Currently browsing posts about: Antibiotics

Jun 13 2011

The FDA’s excellent move on arsenic drugs in chickens

For years, as Tom Philpott recounts on his new food and agriculture blog for Mother Jones, public health advocates have fretted about the use of arsenic-containing drugs to kill intestinal parasites and promote growth in chickens.

One such drug is roxarsone, made by Pfizer. Its arsenic is in the organic (carbon-containing) form, which is less toxic than the inorganic form.

But, as the New York Times explained, evidence has been accumulating that the organic form can change into the more toxic, inorganic form, a known carcinogen.

As reported in Food Safety News,  the Center for Food Safety, the Institute for Agriculture and Trade Policy, and several other consumer and agriculture groups petitioned FDA to ban the drug three years ago.

Last week, the FDA announced that the agency had done its own feeding tests.  Chickens fed organic roxarsone had higher levels of inorganic arsenic in their tissues.  The FDA got Pfizer to “voluntarily” withdraw the drug from the market.

The surprise here is not the FDA’s delay in dealing with this drug.  The big surprise is that the FDA did its own testing.  As the Times put it:

The F.D.A. once routinely conducted its own studies of animal and human drugs, but limited budgets led the agency to eliminate much of its scientific and laboratory capacity over the years. The roxarsone study is a triumph for agency scientists but one unlikely to be repeated very often. The agency asked for $183 million in additional funds for food safety efforts next year, but House Republicans have instead proposed cutting $87 million.

Drug companies cannot be expected to do their own testing if there is any chance that the tests will show something not in their best interest.  If independent federal agencies don’t do these kinds of studies, who will?

I can remember when the FDA housed a group of researchers doing outstanding work on food allergies in the 1990s.  The FDA closed down that lab when it was given additional responsibilities by Congress with no additional funding.

The FDA is a public health agency.  Its job is to protect the public against unsafe food contaminated with bacteria or antibiotics such as roxarsone.  The agency gets high marks for taking this on.  And Congress needs to support the FDA’s research mission.

 

Dec 13 2010

FDA says 29 million pounds of antibiotics used in food animals last year

I was interested to read FoodSafetyNews this morning and learn about the FDA’s new count of the number and pounds of antibiotics used to promote the growth of farm animals used as food.

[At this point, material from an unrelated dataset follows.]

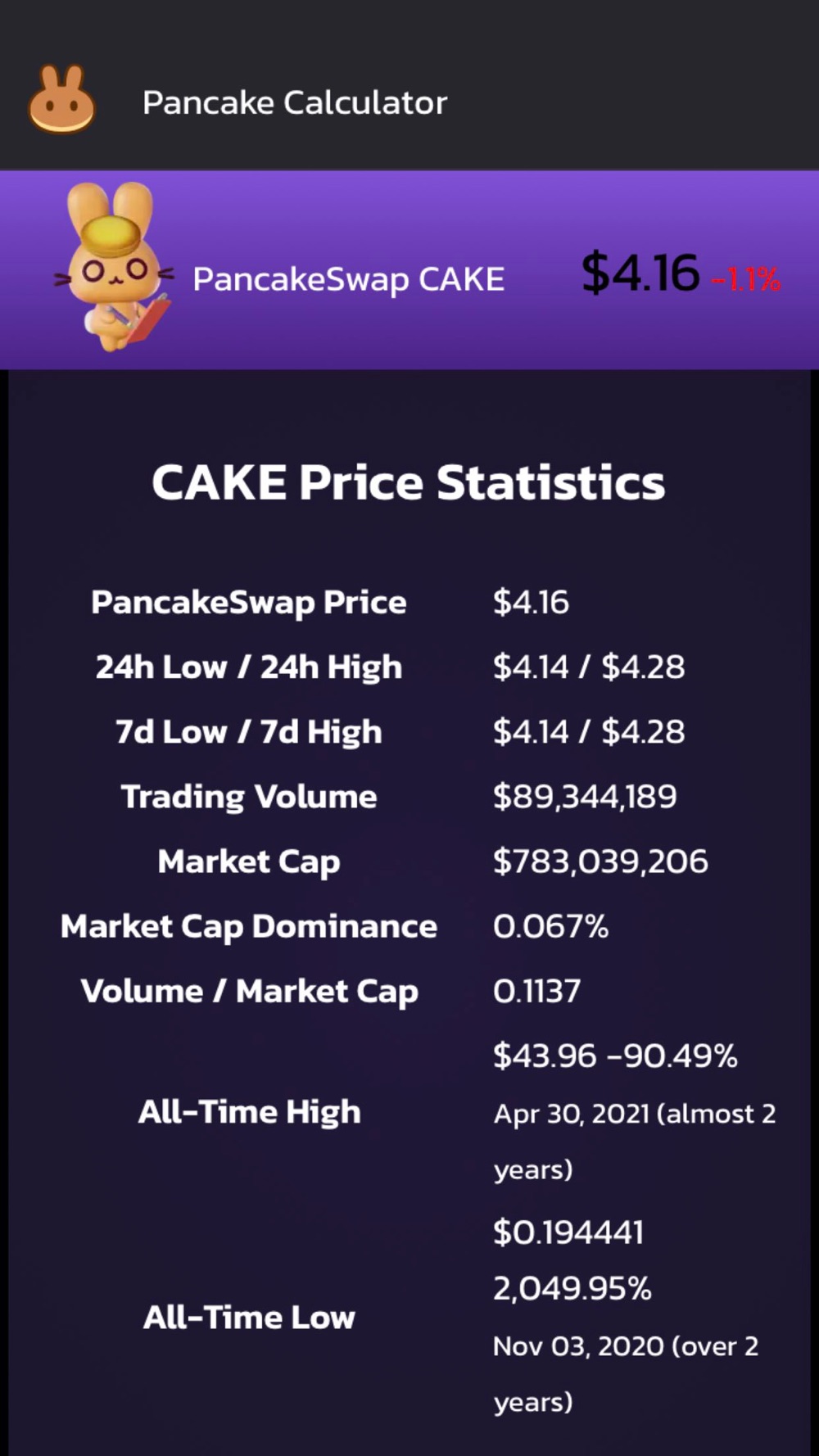 With Pancake Calculator, you'll always be up-to-date with the latest Pancake Token prices and market trends. Download the app today and start monitoring your investments like a pro!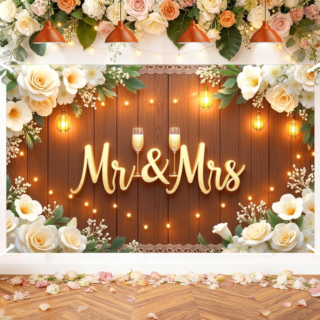 Mr & Mrs Wedding Backdrop Banner Party Decorations Engaged Banner Photo Booth Props Wedding Shower Party Decoration for Reception Bridal Shower

Because this is the first time the FDA’s Center for Veterinary Medicine has produced such a count, it is not possible to say whether the numbers are going up or down.  But the agency is now requiring meat producers to report on antibiotic use so we now have a baseline for measuring progress.

The FDA has been concerned about the use and misuse of animal antibiotics for some time now, so much so that in June it issued guidance on The Judicious Use of Medically Important Antimicrobial Drugs in Food-Producing Animals.

In the Federal Register notice announcing the guidance, the FDA explains:

Misuse and overuse of antimicrobial drugs creates selective evolutionary pressure that enables antimicrobial resistant bacteria to increase in numbers more rapidly than antimicrobial susceptible bacteria and thus increases the opportunity for
individuals to become infected by resistant bacteria. Because antimicrobial drug use contributes to the emergence of drug resistant organisms, these important drugs must be used judiciously in both animal and human medicine to slow the development of resistance. Using these drugs judiciously means that unnecessary or inappropriate use should be avoided….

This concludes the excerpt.